India content regulated
Commuters watch videos on their mobile phones as they travel in a suburban train in Mumbai, India. REUTERS/Shailesh Andrade/File Photo

NEW DELHI (Reuters) – The Indian government has reported that the Ministry of Information and Broadcasting will regulate content on video streaming platforms including global services such as Netflix, Amazon Prime Video and Walt Disney’s Hotstar as part of new rules announced earlier this week.

Until now, content on video streaming platforms was not regulated by the ministry which normally evaluates programs telecast and performed at theatres nationwide.

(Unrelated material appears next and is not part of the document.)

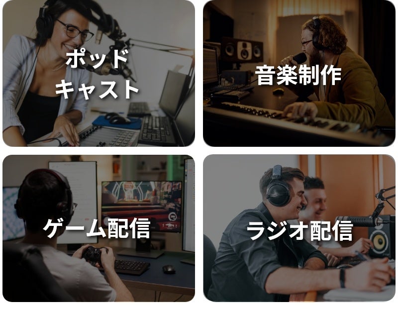 コンテンツ制作からポッドキャスティング、ライブストリーミング、音楽制作、オーディオレコーディングまで、広範な用途で使用可能です。サウンドミキサー、サウンドカード、ボイスチェンジャー、サウンドエフェクトボードの全ての機能が一体化しています。ポッドキャスト、ライブストリーミング、音楽制作、オーディオレコーディング、オンラインゲームなど、さまざまなシーンで活用可能なツールとして提供されています。

It is now ready to regulate the policies for streaming platforms and digital news outlets in a move that is widely believed to kickstart an era of highly strict and more frequent censorship on what is being aired.

News and current affairs content on online media such as Facebook and Twitter will also come under the new regulatory regime, the government circular said. Online news was not previously regulated.

The change was announced in a brief government circular on Tuesday, which did not provide further details.

Earlier this year, more than a dozen local and global streaming services, including Amazon Prime Video, Netflix and Hotstar, had signed a code for self-regulation.

Techcrunch reports that the new rules, signed by India’s President Ram Nath Kovind this week, might end the years-long efforts by digital firms to self-regulate their own content to avoid the broader oversight that impacts television channels and theatres and whose programs appeared on those platforms. (Streaming platforms may be permitted to continue to self-regulate and report to the ministry, similar to how TV channels follow a programming code and their self-regulatory body works. But there is no clarity on this currently.)